Luckily, though, Sam slowed to a halt in front of an old brownstone duplex. A few of the lights were on, but it seemed like the sort of neighborhood where people didn’t want to attract too much attention to themselves, and the majority of the rooms were dark.

“I don’t have a search warrant,” Brennan said.

“How exactly do you think I do most of my work?” Sam asked, producing a set of lock picks from inside his jacket. He set about inserting them in sequence into the lock, adjusting them with practiced ease as the tumblers fell into place. Even through the rain, Brennan heard a distinctive click as Sam turned his picks and the doorknob in unison. “After you.”
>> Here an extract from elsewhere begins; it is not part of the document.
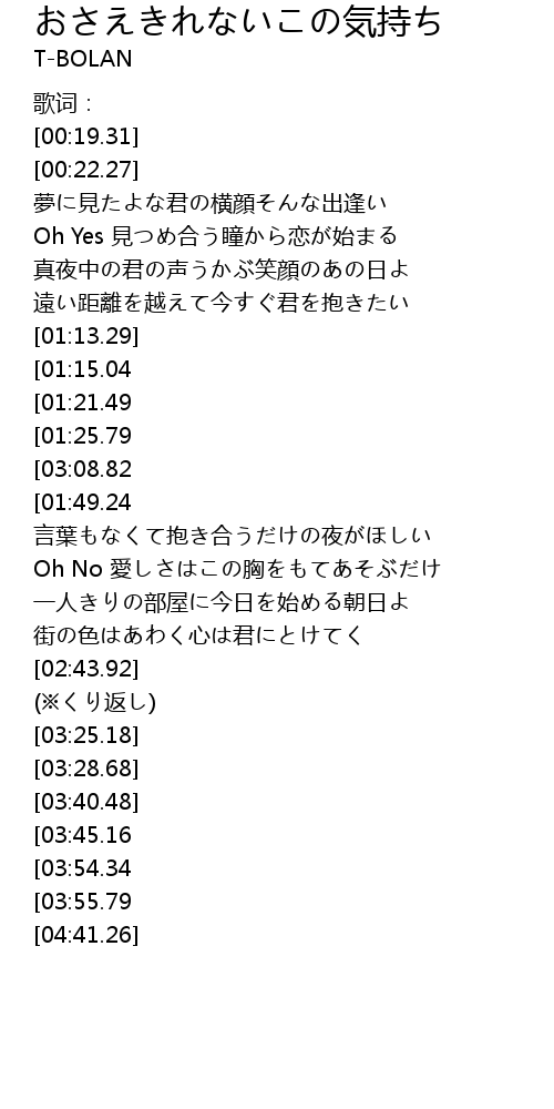 | [02:45.63][01:15.04] | ※おさえきれないこの気持ち |

Brennan unsnapped his holster strap and placed his hand on the grip as he shouldered his way through the entrance. The room inside was dark; the only illumination came from the street lamps outside as their light filtered through the cracks in the boarded windows. A couch and chair sat in solemn silence in the room to the left. A hallway continued to what looked like the kitchen, and Brennan could just make out a set of stairs leading up to another level.

“You get the hallway, I’ll take the second floor?” Sam suggested, keeping his voice low.
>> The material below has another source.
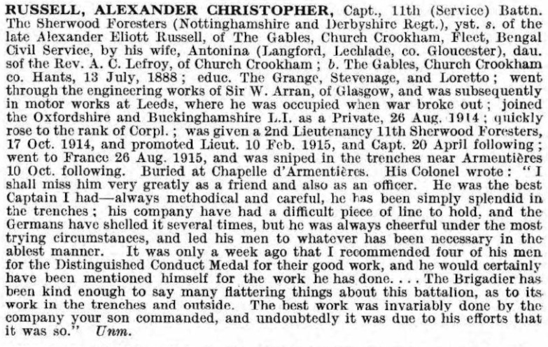 Son of Alexander Eliott Russell And Antonina Russell, of The Coppice, Church Crookham, Hants.

“Ha ha,” Brennan said bleakly. “You went high last time. Check out the kitchen, and then meet me upstairs.”

Sam gave a mock salute and pulled his own, private sidearm. He stepped slowly and methodically down the hallway, his lean form a shadow among shadows.
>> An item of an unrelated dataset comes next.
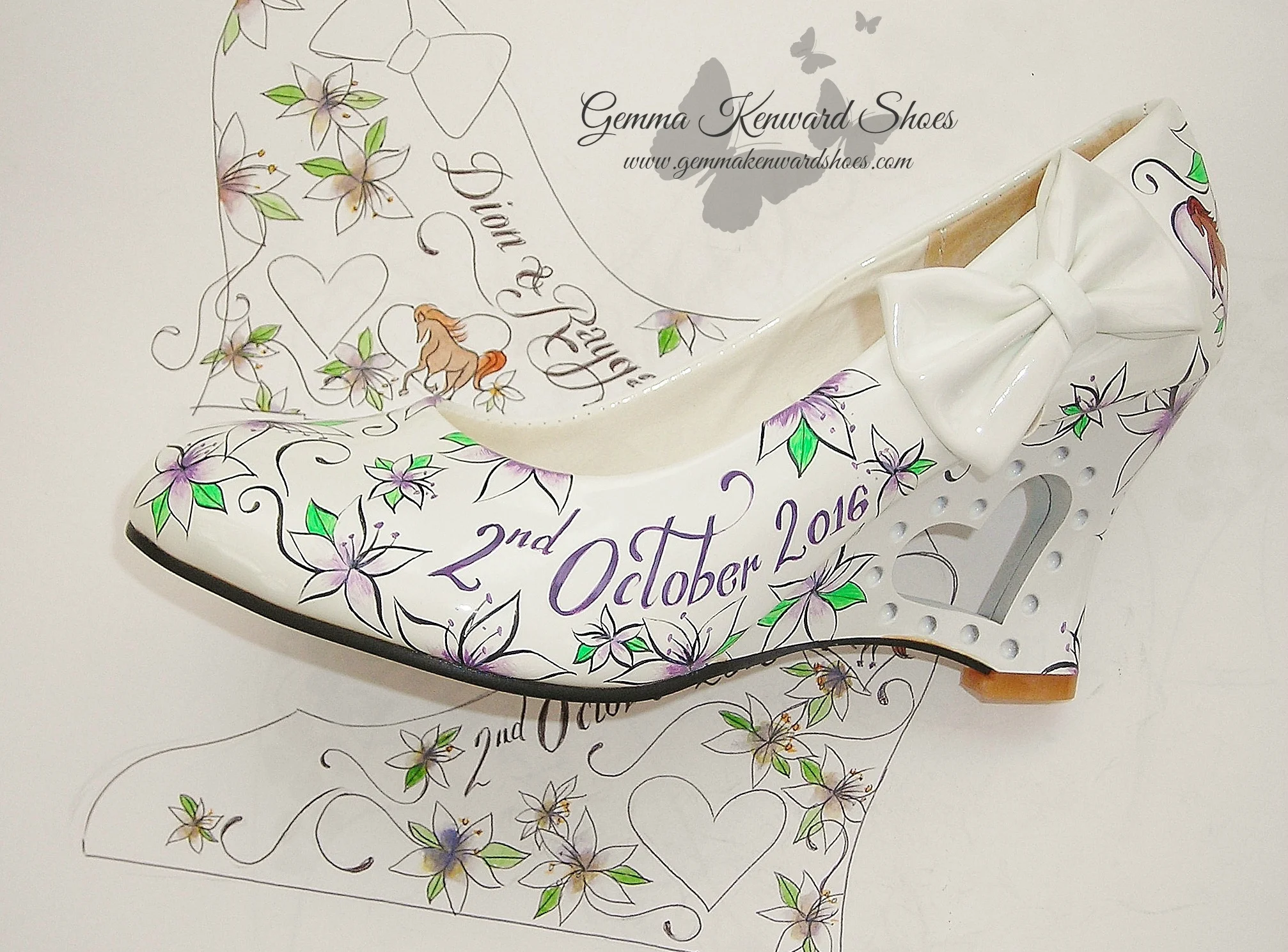 The design for the brides wedge shoes was simple, flowers and horse portraits as well as the ever popular names of the bride and groom on one side of the bridal shoes and the date of the wedding on the other shoes, all hand painted in purple script.

Brennan tentatively placed a foot on the first step; it held his weight without protest. Like an animal stalking its prey, he ascended the staircase swiftly and silently, his back to the wall with the gun raised ever so slightly. His eyes had adjusted to the dim lighting, and details came to him in shades of gray. Not quite fifty of them, but enough to distinguish family photos on the walls from the dulled phosphorescent stars clinging to the ceiling of one bedroom.

He opened a door in the center of the hall, but there was only a small bathroom beyond. That only left one room to be explored, the one directly above the living room.

There was a faint hint of light showing through the space at the bottom of the door, and Brennan felt more than heard the thrum of electrical equipment inside. Something was live in that room. His hand reached for the doorknob, and just then a loud thump came from the stairs behind him. He whirled around, weapon raised, and Sam held up both hands with his gun turned sideways.

“Woah, Brennan, it’s me!” His voice obviously struggled not to shout, and it came out as a harsh whisper.

Brennan lowered his pistol. “Sorry,” he said. “You spooked me.”

“Well now that
both
of our hearts are pounding,” Sam grumbled, “let’s see what’s behind door number three.”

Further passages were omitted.